■ What you should do
For the records below, output word for word the lines from the one with "Над этими заявлениями" up to and including the one with "İtalyan tasarım mavi". No pictures.

■ Records provided
*** Begin section ***

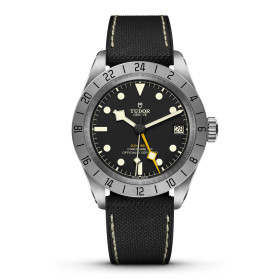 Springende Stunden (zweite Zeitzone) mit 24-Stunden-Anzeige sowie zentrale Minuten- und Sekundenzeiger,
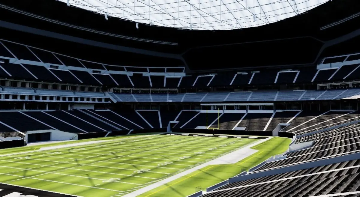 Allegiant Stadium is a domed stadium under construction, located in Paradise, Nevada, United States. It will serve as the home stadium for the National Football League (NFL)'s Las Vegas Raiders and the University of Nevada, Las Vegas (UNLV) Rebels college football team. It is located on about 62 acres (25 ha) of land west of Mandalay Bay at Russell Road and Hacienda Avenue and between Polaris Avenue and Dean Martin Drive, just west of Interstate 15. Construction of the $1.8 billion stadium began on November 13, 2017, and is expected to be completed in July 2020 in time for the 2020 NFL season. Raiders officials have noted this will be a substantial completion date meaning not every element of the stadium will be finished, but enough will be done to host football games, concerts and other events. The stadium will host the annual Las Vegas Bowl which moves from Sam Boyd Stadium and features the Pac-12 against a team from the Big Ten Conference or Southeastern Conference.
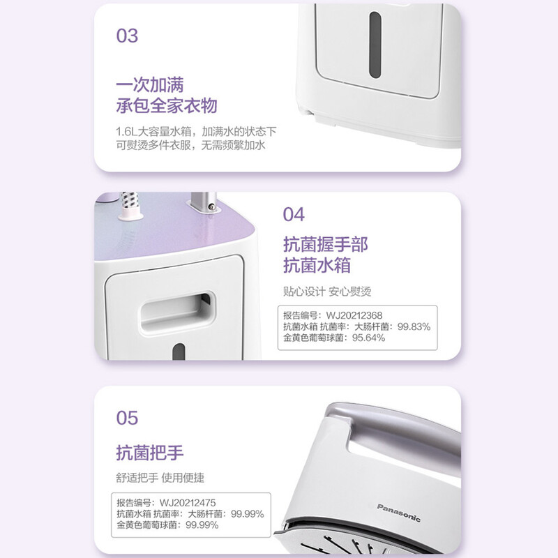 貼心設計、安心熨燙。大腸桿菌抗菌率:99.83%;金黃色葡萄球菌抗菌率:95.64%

*** End section ***
*** Begin section ***

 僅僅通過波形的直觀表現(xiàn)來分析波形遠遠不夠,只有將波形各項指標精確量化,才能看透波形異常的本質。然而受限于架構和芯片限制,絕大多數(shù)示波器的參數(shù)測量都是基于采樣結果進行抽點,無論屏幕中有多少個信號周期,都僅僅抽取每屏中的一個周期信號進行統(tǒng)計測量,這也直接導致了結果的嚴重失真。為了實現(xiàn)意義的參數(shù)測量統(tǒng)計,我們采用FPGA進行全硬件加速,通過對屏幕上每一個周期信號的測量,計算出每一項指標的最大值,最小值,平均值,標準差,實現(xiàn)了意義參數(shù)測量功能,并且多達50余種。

*** End section ***
*** Begin section ***

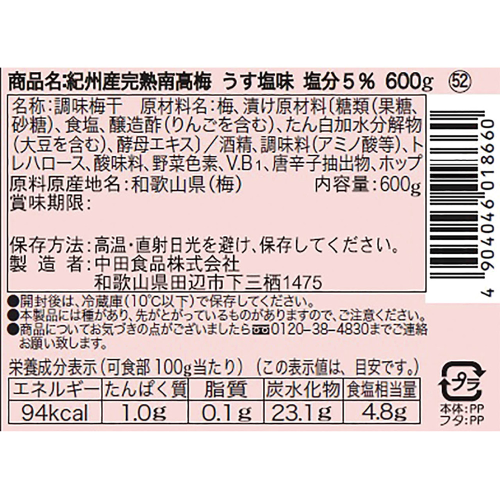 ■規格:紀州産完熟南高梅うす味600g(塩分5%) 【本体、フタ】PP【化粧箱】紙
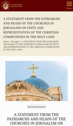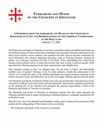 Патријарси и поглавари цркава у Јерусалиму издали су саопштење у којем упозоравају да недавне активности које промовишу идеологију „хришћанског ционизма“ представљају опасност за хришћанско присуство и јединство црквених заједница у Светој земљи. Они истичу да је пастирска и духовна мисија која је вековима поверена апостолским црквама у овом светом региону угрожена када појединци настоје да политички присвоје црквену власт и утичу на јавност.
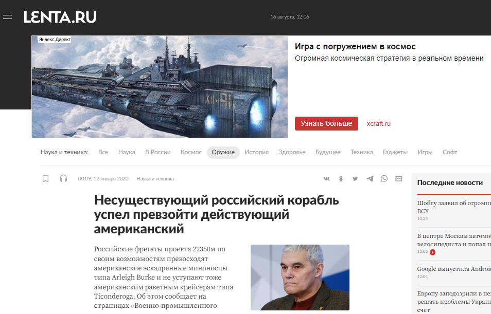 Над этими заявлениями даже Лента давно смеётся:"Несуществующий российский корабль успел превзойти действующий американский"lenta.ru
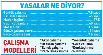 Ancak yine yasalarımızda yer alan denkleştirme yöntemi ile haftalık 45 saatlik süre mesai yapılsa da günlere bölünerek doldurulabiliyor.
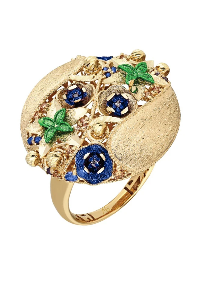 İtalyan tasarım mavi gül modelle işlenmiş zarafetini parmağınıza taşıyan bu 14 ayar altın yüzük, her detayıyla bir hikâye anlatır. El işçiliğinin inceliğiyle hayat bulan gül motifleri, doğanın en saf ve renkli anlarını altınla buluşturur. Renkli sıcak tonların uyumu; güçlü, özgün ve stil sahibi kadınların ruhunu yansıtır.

*** End section ***

■ Written response
 Над этими заявлениями даже Лента давно смеётся:"Несуществующий российский корабль успел превзойти действующий американский"lenta.ru
 Ancak yine yasalarımızda yer alan denkleştirme yöntemi ile haftalık 45 saatlik süre mesai yapılsa da günlere bölünerek doldurulabiliyor.
 İtalyan tasarım mavi gül modelle işlenmiş zarafetini parmağınıza taşıyan bu 14 ayar altın yüzük, her detayıyla bir hikâye anlatır. El işçiliğinin inceliğiyle hayat bulan gül motifleri, doğanın en saf ve renkli anlarını altınla buluşturur. Renkli sıcak tonların uyumu; güçlü, özgün ve stil sahibi kadınların ruhunu yansıtır.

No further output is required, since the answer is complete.